Instalda no banco do passageiro do seu carro ela lembra de Pedro, todo atrapalhado tentando ser engraçado. Deve ser horrível ser homem. Tanta expectativa pra cima de você. Ele era meio insignificante, mas não repugnante. E o fato de ter deixado ela lá, recém-beijada e com a boca ainda meio aberta, foi intrigante. Como ele pode? Depois Daniele de mau-humor. Ri sozinha de pensar nela parada e alheia no meio de 200 pessoas dançando. Moça de personalidade.

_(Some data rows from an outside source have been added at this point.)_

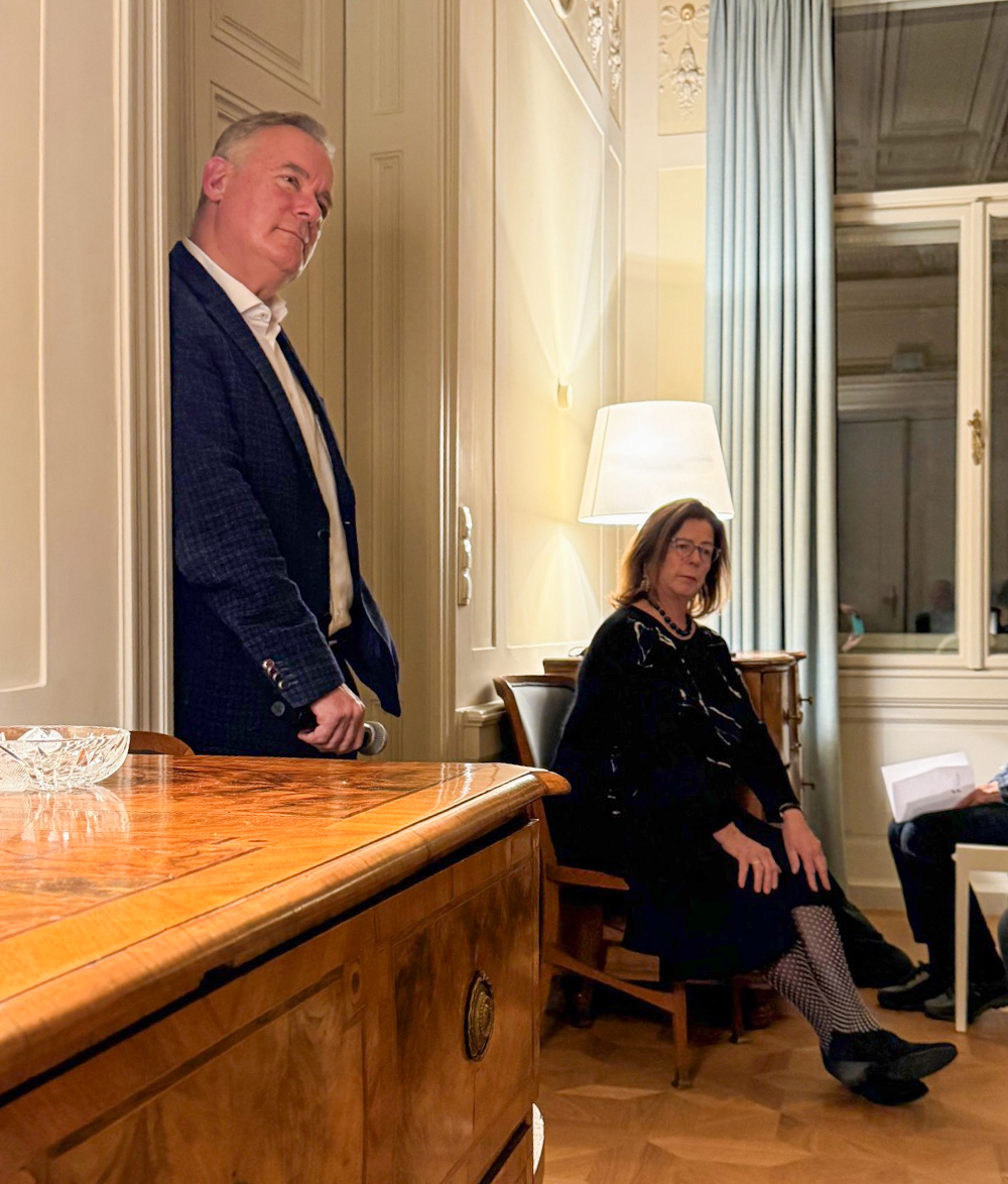 Author Ilija Trojanow followed with a keynote on the disappearance of utopias in today’s world, urging a rediscovery of idealism. A lively audience discussion and Schoenberg’s “Notturno for Strings and Harp” concluded the evening, which continued informally over a get-together.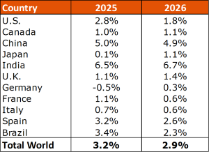 According to the Organization for Economic Co-operation and Development (OECD), the world economy is expected to grow by 3.2% in 2025, before slowing down to 2.9% in 2026. Global growth outperformed expectations in early 2025, driven by emerging markets and U.S. resilience, but rising tariffs, softening labor markets, stalled disinflation, and looming risks such as further trade barriers and financial instability cloud the outlook.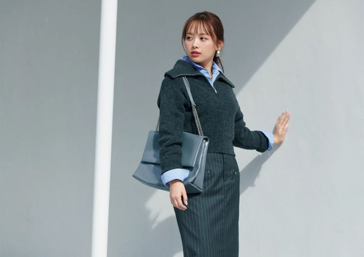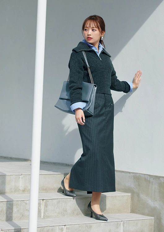 グレービッグカラーハーフジップニット¥2,990/GU 水色シャツ¥9,240/ミラ オーウェン ルミネ新宿2店 サスペンダー付きストライプタイトスカート¥18,700/アプワイザー・リッシェ チョーカー¥7,150、バングル¥6,050/ともにロニ ピアス¥14,300/LOHME バッグ¥13,900、パンプス¥9,900/ともにCHARLES&KEITH JAPAN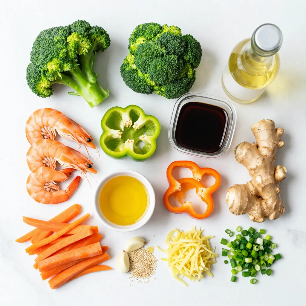 - 1 pound large shrimp, peeled and deveined - 2 cups broccoli florets - 1 bell pepper, sliced (any color) - 1 carrot, julienned - 2 tablespoons olive oil This dish shines with fresh shrimp and colorful veggies. The shrimp adds protein, while broccoli, bell pepper, and carrot bring fiber and crunch. Olive oil gives richness and helps the veggies roast well. - 1/4 cup low-sodium soy sauce - 2 tablespoons honey - 1 tablespoon rice vinegar - 1 teaspoon ginger, grated - 2 cloves garlic, minced - 1 teaspoon sesame oil The teriyaki sauce ties it all together. Low-sodium soy sauce keeps it light. Honey adds sweetness, while rice vinegar gives a tangy kick. Ginger and garlic boost the flavor. Sesame oil adds a nice finish. - 1 tablespoon sesame seeds (optional) - Green onions, chopped for garnish These garnishes elevate the dish. Sesame seeds add crunch, and green onions add freshness. When selecting vegetables, look for bright colors and firm textures. Fresh veggies taste better and add nutrients. {{ingredient_image_1}} 1. First, preheat your oven to 400Β°F (200Β°C). This helps cook the dish evenly. 2. Next, line a large baking sheet with parchment paper. This makes cleanup easy. 3. In a medium bowl, whisk together the following ingredients: - 1/4 cup low-sodium soy sauce - 2 tablespoons honey - 1 tablespoon rice vinegar - 1 teaspoon grated ginger - 2 cloves minced garlic - 1 teaspoon sesame oil 4. Make sure to reserve 2 tablespoons of this marinade. You will drizzle it later. 1. In a large mixing bowl, combine: - 1 pound peeled and deveined shrimp - 2 cups broccoli florets - 1 sliced bell pepper - 1 julienned carrot 2. Pour the marinade over the shrimp and veggies. Toss well to coat everything. 3. Spread the mixture in a single layer on the prepared baking sheet. 4. Bake in the oven for 12-15 minutes. The shrimp should be pink and cooked through. The veggies should be tender but still crisp. 1. Once done, remove the sheet from the oven. Drizzle the reserved marinade over the top. 2. Sprinkle with sesame seeds and chopped green onions for a fresh touch. 3. Serve immediately. You can enjoy this dish with rice or on its own for a lighter meal. - To know when shrimp are cooked, look for a pink color and firm texture. - Cook shrimp for 12-15 minutes at 400Β°F (200Β°C) for the best results. - For crisp veggies, avoid overcooking. They should be tender yet still crunchy. - To save time, prep all ingredients before you start cooking. - Use parchment paper on your baking sheet for easy cleanup. It helps food slide off easily. - Serve directly from the sheet pan for a casual look or on a bright platter for a special touch. - Add color with fresh green onions and sesame seeds to enhance appeal. Pro Tips Fresh Ingredients: Use fresh, high-quality shrimp and vegetables for the best flavor and texture in your dish. Marinade Time: For even more flavor, allow the shrimp and veggies to marinate for 15-30 minutes before cooking. Even Cooking: Arrange the shrimp and vegetables in a single layer on the baking sheet to ensure even cooking and browning. Serving Suggestions: Serve with steamed rice or quinoa for a complete meal, and garnish with lime wedges for an extra zing! {{image_2}} You can change the veggies based on the season. In spring, use snap peas and asparagus. In summer, try zucchini and cherry tomatoes. Fall brings great choices like Brussels sprouts and butternut squash. Winter is perfect for root veggies like sweet potatoes and parsnips. Cooking times may change with different veggies. Soft vegetables like zucchini need less time, about 10 minutes. Harder ones like carrots may take longer, around 15 minutes. If you want a twist, use chicken or tofu. Chicken breast works well; cut it into bite-sized pieces. For beef, flank steak is tasty too. Tofu is great for a plant-based option; use firm tofu for the best texture. Adjust the marinade to fit these proteins. Chicken and beef can handle a bit more seasoning. For tofu, marinate it longer to soak up flavors. You can easily boost flavors by adding spices. Try red pepper flakes for heat or garlic powder for more garlic. Adding sauces like sriracha can create a spicy kick. For a tangy note, switch to apple cider vinegar or balsamic vinegar. Each type brings a new taste to your dish. Experimenting with these flavors can make your meal unique every time. To store leftovers, let the dish cool completely. Place the shrimp and veggies in an airtight container. Store the container in the refrigerator. Ideally, eat leftovers within three days for the best taste. If you want to freeze the dish, use freezer-safe bags. Squeeze out the air before sealing. This helps prevent freezer burn. When you are ready to eat, thaw overnight in the fridge. When stored in the fridge, this dish lasts about three days. In the freezer, it can last up to three months. Always check for signs of spoilage. If the shrimp smells off or the veggies look slimy, it's time to toss them out. Freshness is key for the best flavor and safety. The best way to reheat shrimp and veggies is in the oven. Preheat to 350Β°F (175Β°C). Spread the dish on a baking sheet and heat for about 10 minutes. You can also use a microwave. Heat in short bursts of 30 seconds, stirring in between. This helps keep the shrimp juicy and the veggies crisp. For added flavor, drizzle a little soy sauce before reheating. Yes, you can make this dish ahead. Prepare the shrimp and veggies with the marinade. Store them in the fridge for up to 24 hours. This step saves time on busy days. When ready to cook, spread the mixture on a sheet pan and bake as directed. This dish pairs well with several sides. Here are some options: - Steamed rice or jasmine rice - Quinoa for a healthy choice - A fresh green salad - Miso soup for a comforting touch - A light, fruity beverage like iced tea Yes, you can make this dish gluten-free. Use gluten-free soy sauce instead of regular soy sauce. Check the label to ensure it meets your nee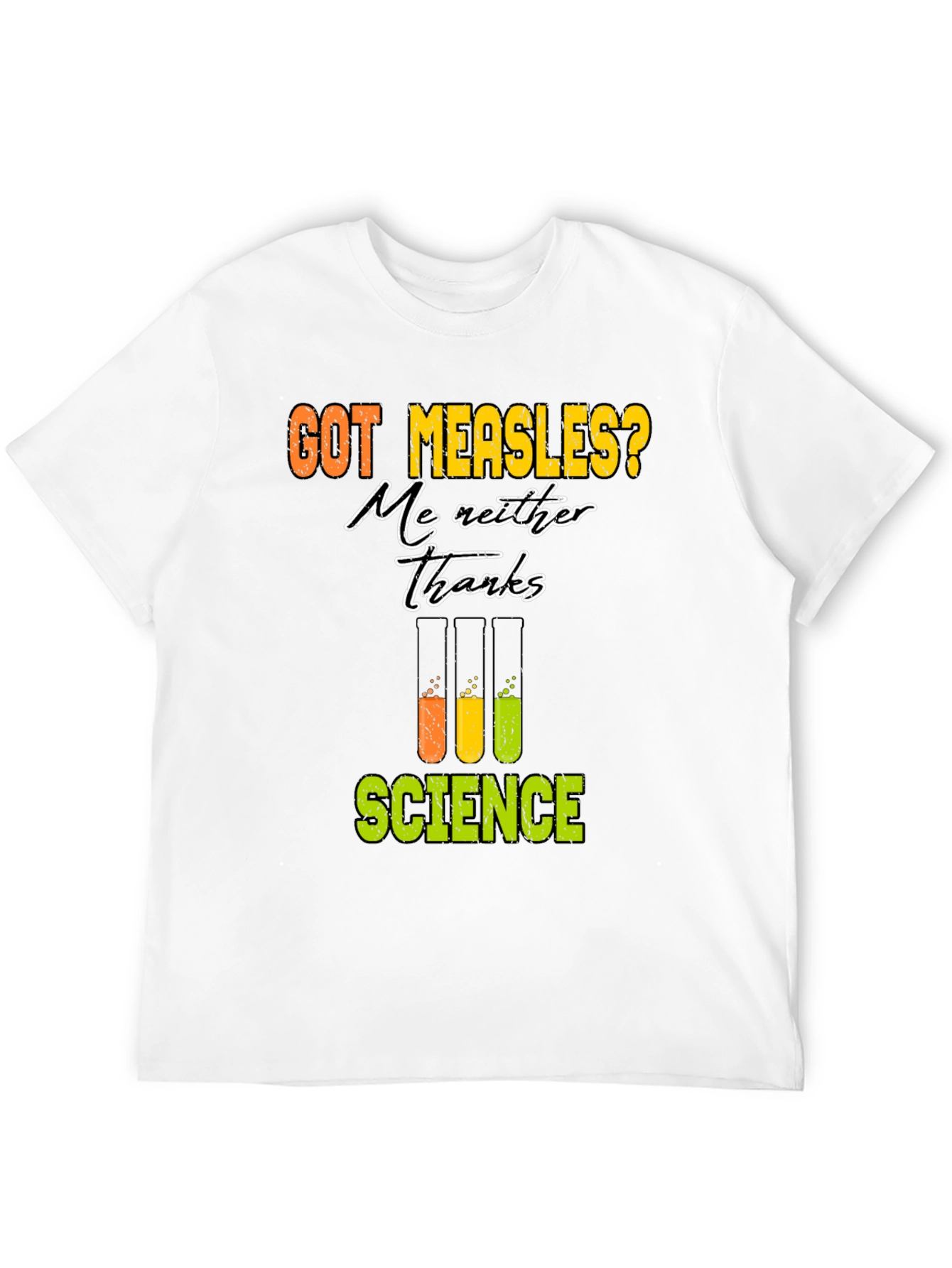 Muestra tu amor por la ciencia con esta divertida camiseta negra. El diseño presenta la frase "¿Got Measles? Me neither Thanks" (¿Tienes sarampión? Yo tampoco, gracias) con un diseño creativo de tres tubos de ensayo llenos de líquidos de diferentes colores, resaltando la palabra "SCIENCE" (Ciencia) en la parte inferior. Perfecta para científicos, estudiantes o cualquier persona que valore la salud y la inmunización. Ideal para usar en el laboratorio, clases o simplemente para expresar tu opinión con estilo. ¡Un regalo original y llamativo para tus amigos y familiares con mentalidad científica!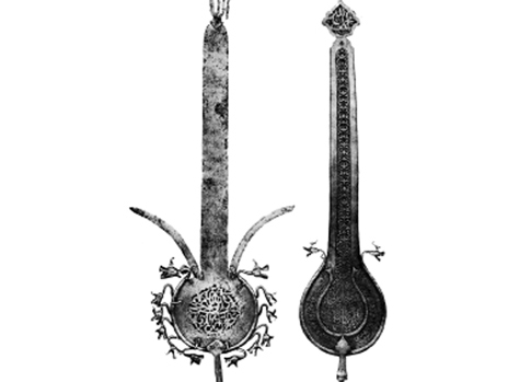 معروفترین روایت برای منشأ نماد علامت آن است که آن را حول محوریت نماد شهادت در قالب سازهی نمادین سرو در فرهنگ ایرانی ساختهاند. گرچه علامتهای امروزی شکلی شبیه صلیب دارند، اما در واقع شکل تکامل یافتهی علامتهای تک تیغهای هستند که از قرن هفدهم میلادی و دوران صفویه به بعد رواج یافتند. میتوان علامتهای امروزی را توسعهی فرمهای نمادین سنتی با نام توغ دانست (ت. ۳). توسعهی علامت از تیغهی محوری، که گاه عَلَم و گاه توغ نامیده میشود، بصورت عدد فرد بوده است؛ یعنی علامتها همیشه تعدادشان فرد است، یکی در میانه، یکی در چپ و یکی در راست. لذا به تدریج به تعداد ۳، ۵، ۷، ۹، ۱۱، ۱۳، ۱۵، ۱۷، الی ۲۳ تیغه ساخته شدهاند.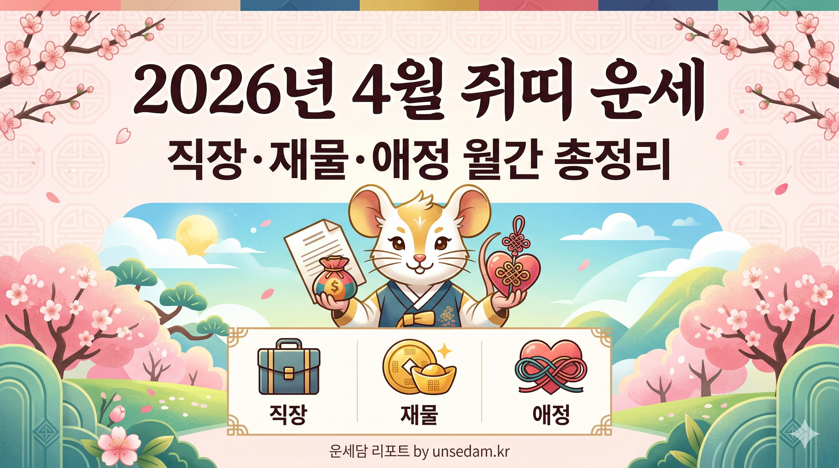 | 설명(Meta) | 2026년 4월 쥐띠의 월간 운세를 직장·재물·애정 세 분야로 상세 분석합니다. 이달의 길일, 주의 시기, 개운 팁까지 한 번에 확인하세요. |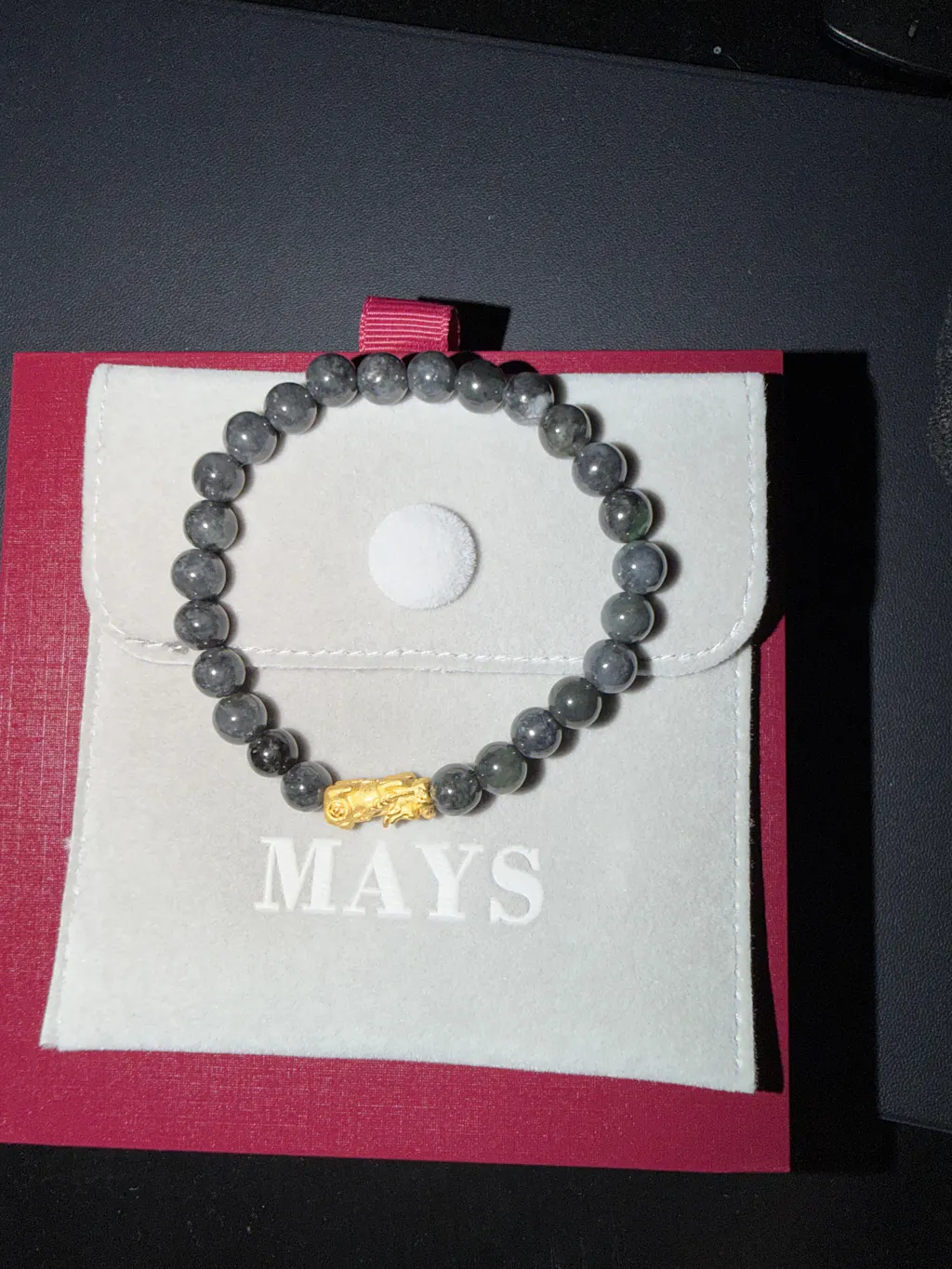 Embrace prosperity and protection with the Wealth Guardian Jade Bracelet, crafted with dark grey and black Burmese jade beads and adorned with a striking 24K hollow gold Pixiu charm. The Pixiu, a mythical creature in Chinese culture, is believed to attract wealth, ward off negativity, and safeguard its wearer, making this bracelet a powerful symbol of abundance and resilience.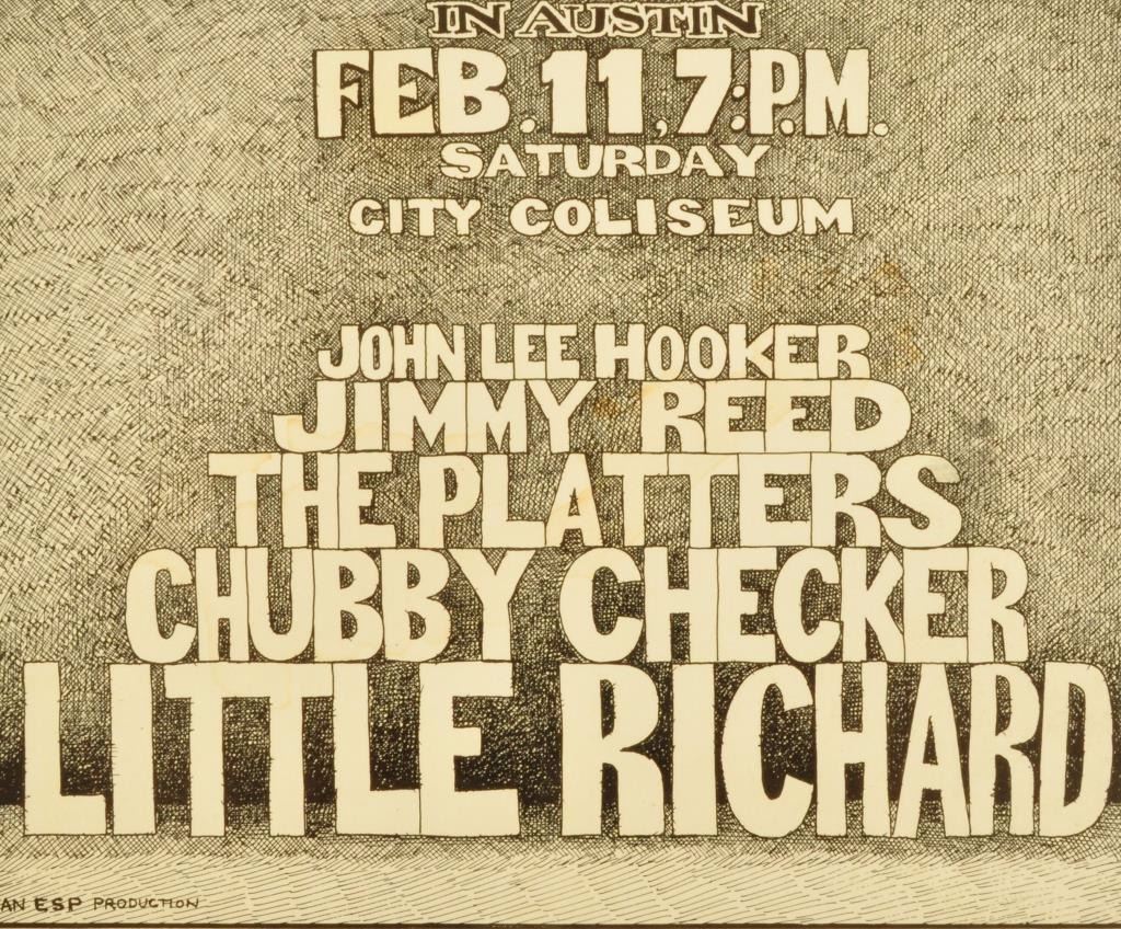 City Coliseum, Austin, TX. February 11, 1971. Artist: Jim Franklin. Linen backed. 11" x 17-1/2"

O que aconteceu depois? Como foi parar naquela cama? Quem tirou sua roupa e o que fizeram antes de dormir? Apesar do aperto no estômago, uma parte dela estava gostando. Controladora por natureza, estava experimentando a liberdade de ter sobrevivido a uma situação completamente fora do seu controle. Bom, de qualquer maneira, sempre podia pegar o carro, ir embora da cidade e nunca mais ver a cara de nenhum dos dois. Voltando à cama, se era para ter dormido numa, gostaria de pelo menos ter estado sóbria. Só pra lembrar da sensação de conforto. Eram duas da manhã e Melissa não tinha sono. Deve ter sido boa, a sensação. Deve ter dormido bem.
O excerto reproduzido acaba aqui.